Merkley also wants future income as the basis for repayment of student tuition — with a maximum of 10 percent of discretionary income — rather than loans based on market-rate interest that drive up student debt. (Some federal direct loans carry lower rates, but Merkley has argued that Congress continues to peg rates too high.)

“I hope we will have enough pushback from students and families,” he said. “I think if more of my colleagues would have town halls and ask that question, we could get that changed. I’m going to keep pushing on that.”

Asked about the problems military veterans continue to encounter in obtaining services from the Department of Veterans Affairs, Merkley said they stem from many factors: A bureaucracy slow to change, a backlog of patients only slowly being reduced, increased numbers eligible for benefits, and a surge of veterans from the Iraq and Afghanistan wars requiring care.

But Merkley added there is one factor facing all health care services, not just the VA.

“Many of our health-care practitioners are baby boomers — and they are retiring — while the rest of us who are baby boomers need more health care than we did 10 years ago,” said Merkley, who is 60.

“So you have a big increase in demand and a big drop in the supply of practitioners that is driving up costs and also making it hard to get employment.”

California lure?

Merkley’s wife, Mary Sorteberg, is a nurse — and Merkley’s final questioner at the Milwaukie High School town hall, senior Tieara Norman, also says she wants to become a nurse.

But when Norman said she was planned to attend college in California, Merkley asked why.

“The weather is better,” Norman said.

Norman, however, plans to attend on a track scholarship.
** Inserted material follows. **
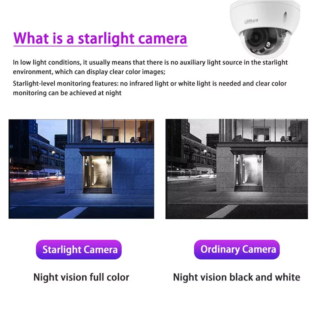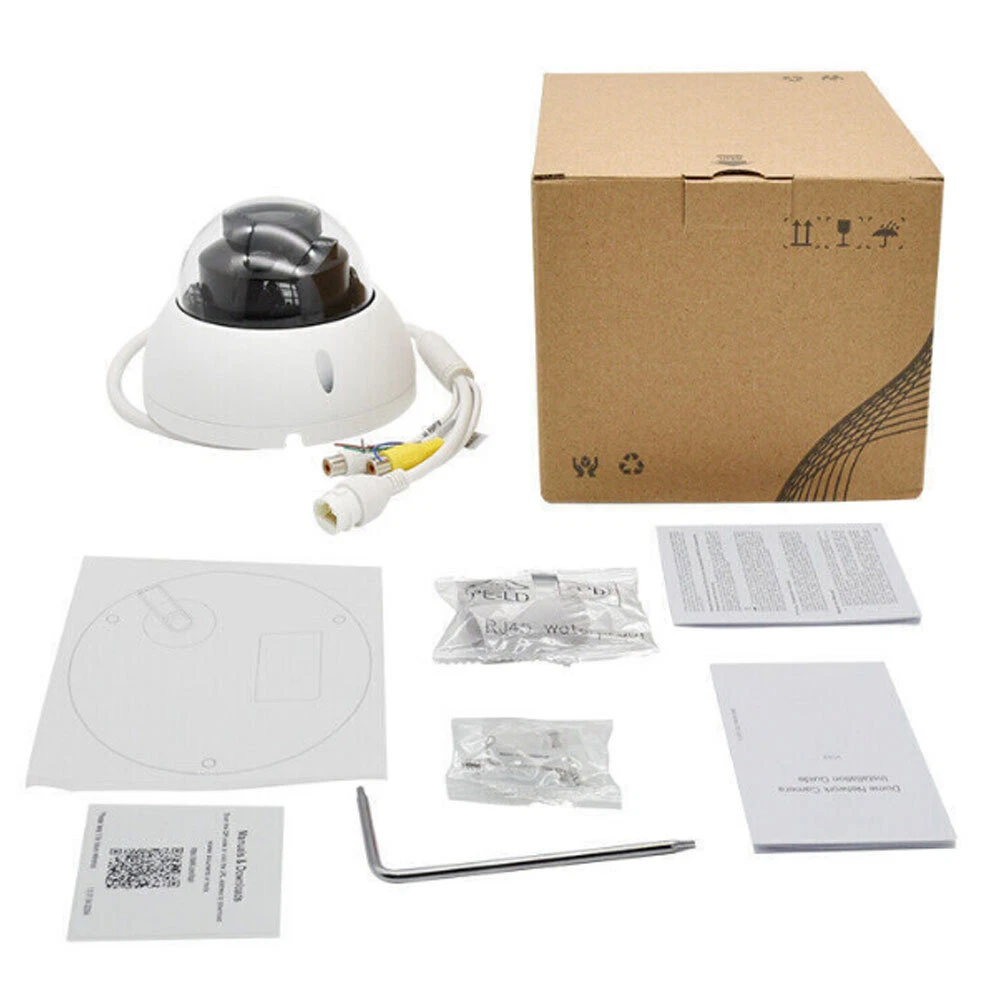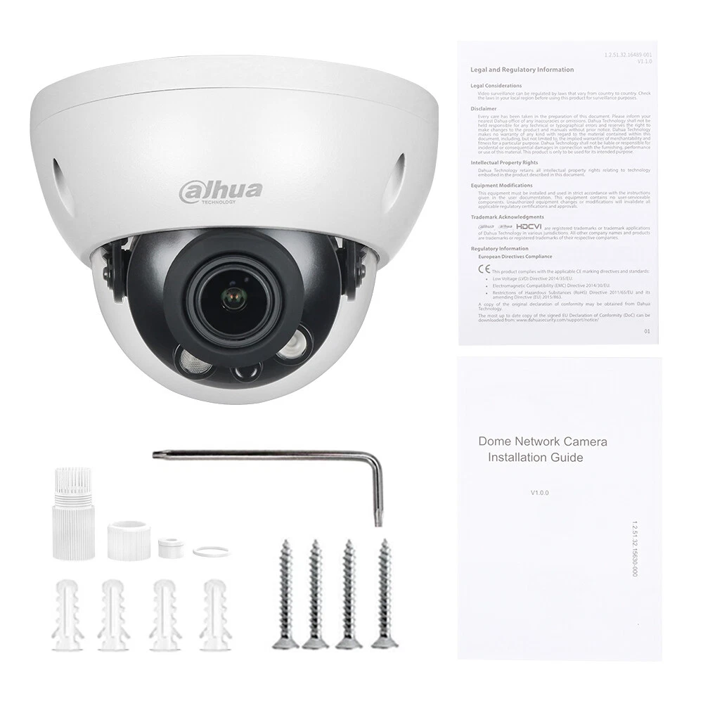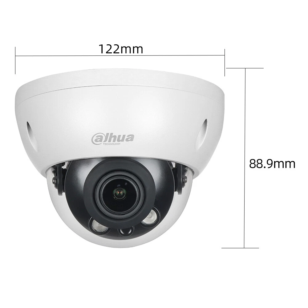 Product Description 8MP Lite IR Vari-focal Dome Network Camera Features: > 8MP, 1/2.7" CMOS image sensor, low illuminance, high image definition > Outputs max. 8MP (3840 × 2160) @15 fps, and supports 2688×1520 @25/30 fps > H.265 codec, high compression rate, ultra-low bit rate > Built-in IR LED, max IR distance: 60 m > ROI, SMART H.264+/H.265+, flexible coding, applicable to various bandwidth and storage environments > Rotation mode, WDR, 3D NR, HLC, BLC, digital watermarking, applicable to various monitoring scenes > Intelligent detection: Intrusion, tripwire > Abnormality detection: Motion detection, video tampering, no SD card, SD card full, SD card error, network disconnection, IP conflict, illegal ac- cess, local alarm, voltage detection,audio abnormal > Alarm: 1 in, 1 out; audio: 1 in, 1 out; supports max. 256 GB Micro SD card > 12V DC/POE power supply > IP67, IK10 protection Specifications: Camera Image Sensor 1/2.7” 8Megapixel progressive CMOS Max. Resolution 3840 (H) × 2160 (V) ROM 128 MB RAM 256 MB Scanning System Progressive Electronic Shutter Speed Auto/Manual 1/3 s–1/100,000 s Min. Illumination 0.008 Lux@F1.5 S/N Ratio > 56 dB Illumination Distance 40 m (131.2 ft) Illuminator On/Off Control Auto/Manual Illuminator Number 2 (IR LED) Pan/Tilt/Rotation Range Pan: 0°–355° Tilt: 0°–67° Rotation: 0°–355° Lens Lens Type Motorized vari-focal Mount Type φ14 Focal Length 2.7 mm–13.5 mm Max. Aperture F1.5 Field of View Pan: 113°–31° Tilt: 58°–17° Diagonal: 138°–36° Iris Type Fixed Close Focus Distance 0.8m–0.8m (2.62 ft–2.62 ft) DORI Distance Lens Detect Observe Recognize Identify W 85.3 m (279.9 ft) 34.1 m (111.9 ft) 17 m (55.8 ft) 8.5 m (27.9 ft) T 280 m (918.6 ft) 112 m (367.5 ft) 56 m (183.7 ft) 28 m (91.9 ft) Smart Event IVS Tripwire; intrusion Video Video Compression H.265; H.264; H.264B; MJPEG (only supported by the sub stream) Smart Codec Smart H.265+/ Smart H.264+ Video Frame Rate Main stream: 3840 × 2160 (1 fps–15 fps) 2688 × 1520 (1 fps–25/30 fps) Sub stream: 704 × 576 (1 fps–25 fps) 704 × 480 (1 fps–30 fps) Stream Capability 2 streams Resolution 3840 × 2160 (3840 × 2160); 3072 × 2048 (3072 × 2048); 3072 ×1728 (3072 × 1728); 2592 × 1944 (2592 × 1944); 2688 × 1520 (2688 × 1520); 3M (2048 × 1536); 2304 × 1296 (2304 × 1296); 1080p (1920 × 1080); 1.3M (1280 × 960); 720p (1280 × 720); D1 (704 × 576/704 × 480); VGA (640 × 480); CIF (352 × 288/352 × 240) Bit Rate Control CBR/VBR Video Bit Rate H.264: 32 kbps–8192 kbps H.265: 12 kbps–8192 kbps Day/Night Auto(ICR)/Color/B/W BLC Yes HLC Yes WDR 120 dB White Balance Auto/natural/street lamp/outdoor/manual/regional custom Gain Control Auto/Manual Noise Reduction 3D NR Motion Detection OFF/ON (4 areas, rectangular) Region of Interest(RoI) Yes (4 areas) Smart Illumination Yes Image Rotation 0°/90°/180°/270° (Supports 90°/270° with 3840 × 2160 resolution and lower.) Mirror Yes Privacy Masking 4 areas Audio Audio Compression G.711a; G.711Mu; G.726 Alarm Alarm Event No SD card; SD card full; SD card error; network disconnection; IP conflict; motion detection; video tampering; tripwire; intrusion; illegal access; voltage detection; audio detection; safety exception; local alarm Network Network RJ-45 (10/100 Base-T) SDK and API Yes Cyber Security Video encryption; firmware encryption; configuration encryption; Digest; WSSE; account lockout; security logs; IP/MAC filtering; generation and importing of X.509 certification; syslog; HTTPS; 802.1x; trusted boot; trusted execution; trusted upgrade Protocol IPv4; IPv6; HTTP; TCP; UDP; ARP; RTP ; RTSP; RTCP; RTMP; SMTP; FTP; SFTP; DHCP; DNS; DDNS; QoS; UPnP; NTP; Multicast; ICMP; IGMP; NFS; PPPoE; Bonjour Interoperability ONVIF(Profile S/Profile G/Profile T); CGI; P2P; Milestone; Genetec User/Host 20 Storage FTP; SFTP; Micro SD Card (support max. 256 GB); NAS Browser IE Chrome Firefox Management Software Smart PSS; DSS; DMSS Mobile Phone IOS; Android Certification Certifications CE-LVD: EN62368-1 CE-EMC: Electromagnetic Compatibility Directive 2014/30/EU FCC: 47 CFR FCC Part 15, Subpart B UL/CUL: UL60950-1 CAN/CSA C22.2 No.60950-1-07 Port Audio Input 1 channel (RCA port) Audio Output 1 channel (RCA port) Alarm Input 1 channel In: 5mA 5V DC Alarm Output 1 channel Out: 300mA 12V DC Power Power Supply 12V DC/PoE (802.3af) Power Consumption < 7.4W Environment Operating Conditions –30°C to +60°C (–22°F to +140°F)/less than ≤ 95% RH Storage Temperature –40°C to +60°C (–40°F to +140°F) Protection IP67; IK10 Structure Casing Metal Dimensions Φ122 mm × 88.9 mm (Φ4.80" × 3.50") Net Weight 0.47 kg (1.1 lb) Gross Weight 0.63 kg (1.4 lb) Shipping & Handling: Warranty & Return Policy: Feedback & About Us: About Customs duty/Tax: 1. Item will be shipped out within 5 business days after the payment. Please check and make sure your address is correct before payment. (In order to make sure you can receive the items successfully, please provide your phone number as well.) 2. The items will be shipped via Post Office Airmail. It usually takes around 2 to 3 weeks to United Stated, United Kingdom, Australia, Canada and some European countries. But for other countries, it may need 4-6 weeks to deliver the parcel. It may take longer time if there is abnormal weather condition or customs control issue. Please kindly contact us for refund or assistance if the item doesn’t receive during the time. (If you want a faster service, please contact us before your bidding or purchase.) 3. Please contact us for further assistance if you don't receive the item on time. (Before opening up any "Item not received" dispute/claim, please contact us for a full refund if you don't get the package 35 days after your cleared payment.) 1. All items will be tested or checked carefully and packaged in good condition before sending out to you. Some faulty items might happen especially after overseas transportation. We offer a replacement warrant

She is the 2015 Youth Female Field Athlete of the Year, as named by Oregon USA Track and Field. Her specialties are the long jump and 100- and 400-meter hurdles.

Merkley wished her well and said he hopes she will return to Oregon to make her career.

He recounted a recent round of college visits he made with his own daughter, Brynne, during the rainy season.

As the audience laughed, Merkley said her response was: “Dad, I think I am a California girl.”